Crystallography & NMR system: A new software suite for macromolecular structure determination

A T Brünger et al. Acta Crystallogr D Biol Crystallogr. 1998.

Abstract

A new software suite, called Crystallography & NMR System (CNS), has been developed for macromolecular structure determination by X-ray crystallography or solution nuclear magnetic resonance (NMR) spectroscopy. In contrast to existing structure-determination programs, the architecture of CNS is highly flexible, allowing for extension to other structure-determination methods, such as electron microscopy and solid-state NMR spectroscopy. CNS has a hierarchical structure: a high-level hypertext markup language (HTML) user interface, task-oriented user input files, module files, a symbolic structure-determination language (CNS language), and low-level source code. Each layer is accessible to the user. The novice user may just use the HTML interface, while the more advanced user may use any of the other layers. The source code will be distributed, thus source-code modification is possible. The CNS language is sufficiently powerful and flexible that many new algorithms can be easily implemented in the CNS language without changes to the source code.
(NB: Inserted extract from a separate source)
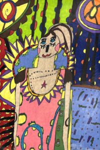 When painted, my compositions spring to life to visually confess a story, animating the painting for the viewer. My favorite parts of my work are the ways that the shapes speak and connect. The mystery in the dark corners. The sharp and spiky shapes vs the squooshy shapes. The multitude of color tints within each piece ranging from fluorescent to muted to colorful. My hope is that I, as a messenger, successfully transmit the message between giant, magical thought forms, to pronounce and accent what needs to be seen and heard.

The CNS language allows the user to perform operations on data structures, such as structure factors, electron-density maps, and atomic properties. The power of the CNS language has been demonstrated by the implementation of a comprehensive set of crystallographic procedures for phasing, density modification and refinement. User-friendly task-oriented input files are available for nearly all aspects of macromolecular structure determination by X-ray crystallography and solution NMR.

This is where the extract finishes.